SOCS3 Leads to Desensitization toward IL-27 Stimulation in Macrophages but Not in Keratinocytes

To test whether SOCS3 is able to block IL-27 signaling, we performed restimulation experiments. Keratinocytes and macrophages were first stimulated with IL-27 for 1 h. Medium was than changed, and after another 3 h cells were stimulated again with IL-27 (Fig. 4A). Because SOCS3 up-regulation was observed in macrophages, but not in keratinocytes (Fig. 1), we hypothesized that only macrophages would become unresponsive to secondary IL-27 stimulation. Cell extracts were prepared for pSTAT1 and pSTAT3 determinations after a 15-min incubation, and supernatants were taken 20 h after addition of the second IL-27 stimulation. As shown in Fig. 4, B and C, keratinocytes were able to respond repeatedly to IL-27 with activation of STAT1. STAT3 activation in restimulated keratinocytes was not higher than in nontreated cells. By contrast, macrophages completely failed to respond to a secondary IL-27 stimulation. We confirmed that the desensitization of macrophages to IL-27 requires transcriptional activity because culture in the presence of actinomycin D abolished the desensitization (Fig. 4, D and E).
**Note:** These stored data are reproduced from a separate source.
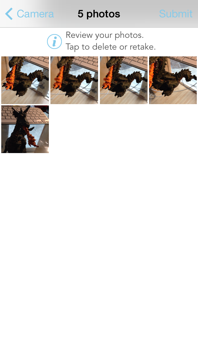 Step 3: Review your photos and delete or retake any that did not work out. It is unclear to me what qualifies as a bad shot other than poor lighting or angle.
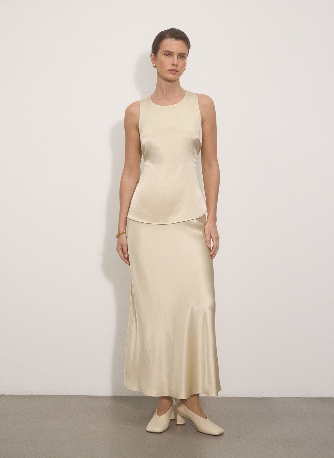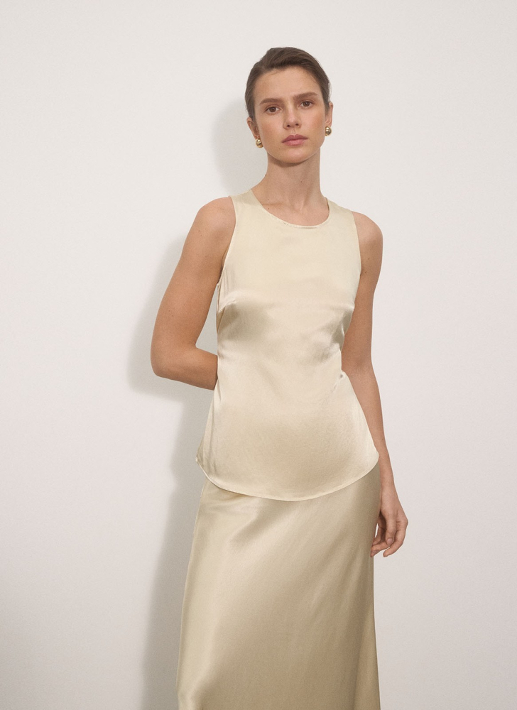 Этот топ из атласной вискозы создан для женственных и нежных образов.
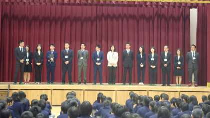生徒会からのアピールの後,校長先生から学級担任等発表がありました。学年担当,一丸となって学年の生徒たちとともに頑張っていきたいと思いますのでよろしくお願いいたします。
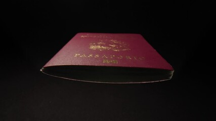 Italian passport close-up - macro shot in dark environment. Travel document hovers through the room just below the camera.
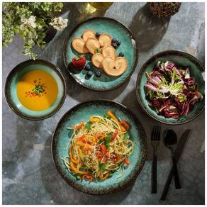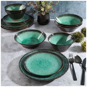 Design Artesanal e Versatilidade: Cada Item Apresenta um Acabamento de Esmalte Reativo, Criando uma Estética Única As Cores Cerceta e Cinza Suave Combinam para uma Apresentação Elegante e Contemporânea
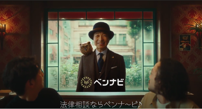 本日から関西地方で放映開始する新CM「ベンナビの歌」篇では、労働問題や離婚問題などの法律トラブルに巻き込まれて困っている人の前に、「法律相談ならベンナ〜ビ♪」と明るく歌いながら小日向さんが登場します。肩に「ベンナビ」のロゴをモチーフにした可愛らしいフクロウの人形を乗せて、小窓から微笑んだ小日向さんが登場する場面は、法律トラブルで悩んでいる人に安心感を与えます。
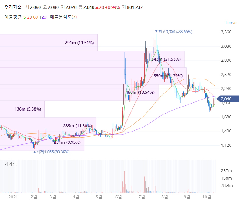 우리기술은 대주주 및 그 특수관계자가 8.72%의 지분을 소유한 만큼 품절주이기도 합니다.
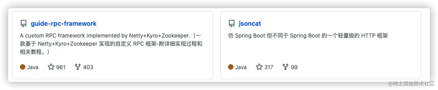 除了 JavaGuide, 我还开源了一些自己写的轮子和一起其他比较有趣的项目。比如今年我就写了一个 RPC 框架和一个 HTTP 框架。
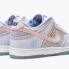 The Union x Nike Dunk Low ‘Hyper Royal’ is a collaboration between Chris Gibbs’s Los Angeles fashion boutique and Nike on the vintage basketball shoe. Perhaps best known for its Air Jordan collaborations since the 2010s, Union LA’or just Union for short’is a longtime partner of Nike, having worked with the brand in various instances dating back to the early 2000s. Here, the ‘Hyper Royal’ is one of three colorways of the Dunk from Union’s 2022 collaboration with Nike. The shoe features a gridded, ripstop-nylon-like material on its light blue upper. Each overlay is outlined in orange. A small yellow ‘UN/LA’ hang tag appears on the lateral side of the midfoot overlay and the brand’s ‘Halo’ skateboarding logo is found on the heel and the forefoot of the outsole. The shoe features additional hang tags that allude to baggage claim tags. Underfoot, a white rubber midsole is paired with an icy, semi-translucent outsole.
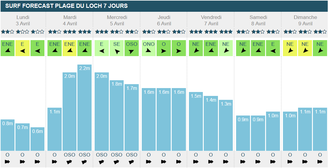 De bonnes vagues sont à prévoir cette semaine sur les plages du Morbihan. La taille semble être parfaite pour que la plage du Loch offre de bonnes vagues, surtout que le vent sera offshore mardi. Si vous avez le choix, optez pour réserver votre mardi et votre vendredi, il n'y aura pas de vent et la période baisse légèrement à 12 - 13, ce qui est plus raisonnable. En revanche les vagues seront bien plus petites ce week-end.
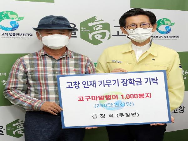황금터영농조합법인(대표 김정식)이 지난 4일 코로나19 극복 응원 고구마말랭이 1000봉지를 고창군장학재단에 기탁했다.
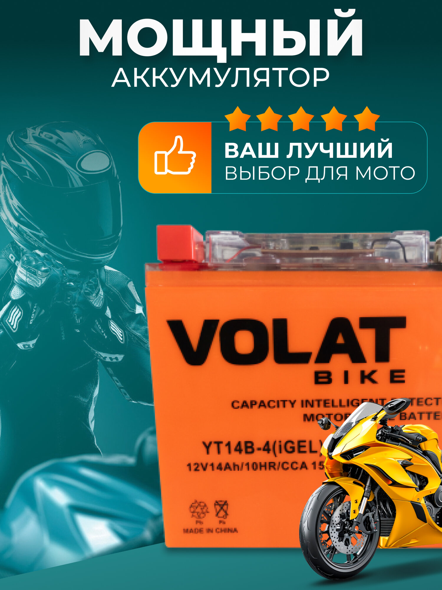 Ниже Вы можете прочитать отзывы на Аккумулятор для мотоцикла 12v Volat YT14B-4(iGEL) прямая полярность 14 Ah 155 A гелевый, акб на скутер, мопед, квадроцикл, мотоцикл, ознакомится с подробными характеристиками, посмотреть интересные обзоры и фотографии на Аккумулятор для мотоцикла 12v Volat YT14B-4(iGEL) прямая полярность 14 Ah 155 A гелевый, акб на скутер, мопед, квадроцикл, мотоцикл.

In a continuative approach we analyzed a STAT1 downstream molecule to understand the functional consequences of different IL-27 signaling in the investigated cell types. CXCL10, which has previously been shown to be inducible by IL-27 in keratinocytes and monocytes (2, 7), was analyzed in supernatants of stimulated cells by ELISA. As shown in Fig. 4, F and G, CXCL10 production paralleled results obtained by pSTAT ELISA. Keratinocytes were able to respond repeatedly to IL-27 stimulation, resulting in even increasing amounts of CXCL10 whereas macrophages failed to do so.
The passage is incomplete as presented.